[FFmpeg-devel] [RFC] Disable compile-time tablegen for cbrt if total cycle count < 200000
gajjanag at mit.edu
Sat Jan 2 22:56:16 CET 2016
On Sat, Jan 2, 2016 at 1:10 PM, Ronald S. Bultje <rsbultje at gmail.com> wrote:
> On Sat, Jan 2, 2016 at 4:08 PM, Ganesh Ajjanagadde <gajjanag at mit.edu> wrote:
>> On Sat, Jan 2, 2016 at 1:02 PM, Ronald S. Bultje <rsbultje at gmail.com>
>> > Hi,
>> > On Sat, Jan 2, 2016 at 3:23 PM, Ganesh Ajjanagadde <gajjanag at mit.edu>
>> > wrote:
>> >> On Fri, Jan 1, 2016 at 8:07 AM, Ganesh Ajjanagadde <gajjanag at mit.edu>
>> >> wrote:
>> >> > Hi all,
>> >> >
>> >> > Motivated by a remark by Ronald:
>> >> > https://ffmpeg.org/pipermail/ffmpeg-devel/2016-January/186200.html,
>> >> > this is a request for comment on disabling compile time tablegen for
>> >> > cbrt if the total cycle count < 200000. Note that cbrt tables are
>> >> > only
>> >> > used in aacdec.
>> >> To start some effort towards a more principled understanding of the
>> >> costs of runtime table initialization, I did some benchmarks.
>> >> Note: I am not familiar with avcodec, so I don't know if this reflects
>> >> correctly the static vs dynamic cost.
>> >> file: ~/samples/aac/al04_44.mp4
>> >> stream_loop: 100
>> >> number of calls of avcodec_decode_audio4: 35956
>> >> cost per call (avcodec_decode_audio4):
>> >> 834030 decicycles in decode_audio4, 1 runs, 0 skips
>> >> 556200 decicycles in decode_audio4, 2 runs, 0 skips
>> >> [...]
>> >> 177365 decicycles in decode_audio4, 16384 runs, 0 skips
>> >> 177059 decicycles in decode_audio4, 32768 runs, 0 skips
>> >> decoding cost: 17706*35956 = 636,636,936 cycles
>> >> duration: 832.55 seconds
>> >> cost per second of audio: 764,683 cycles
>> >> cost of table init: 200,000 cycles
>> >> fraction: 0.26
>> >> So in a clip of n seconds duration, the relative overhead of dynamic
>> >> initialization of these cbrt tables is 0.26/n.

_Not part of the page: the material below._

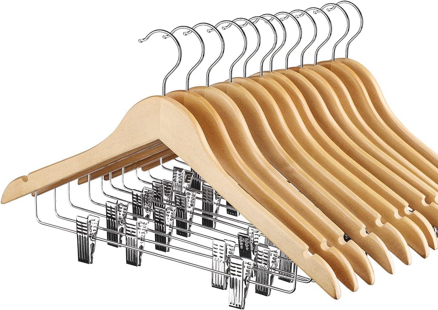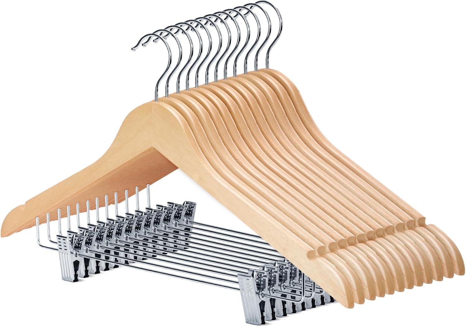 HOUSE DAY Wooden Hangers with Clips 48 Pack,Wooden Suit Hangers Skirt Hangers Solid Wood Pants Hangers Natural Smooth Finish Wood Hangers with Durable Metal Clips for Blouse, Dress, Coat, Jacket(Natural)

For a more concrete
>> >> number, say a clip is of 180 seconds duration, then the overhead is
>> >> 0.26/180 = 0.15%.
>> > What if I only want to play the first 3 second of 1000 clips by calling
>> > ffmpeg.exe in a shell script? E.g. for fingerprinting. The number of use
>> > cases you cover needs to be more than just playback, ffmpeg can do much
>> > more
>> > than just that.
>> Two remarks:
>> 1. As I said, this was only a start of the discussion; and the general
>> c/t decay holds; constant c should be close to what I obtained. So
>> yes, if you have such a thing, it will be slower.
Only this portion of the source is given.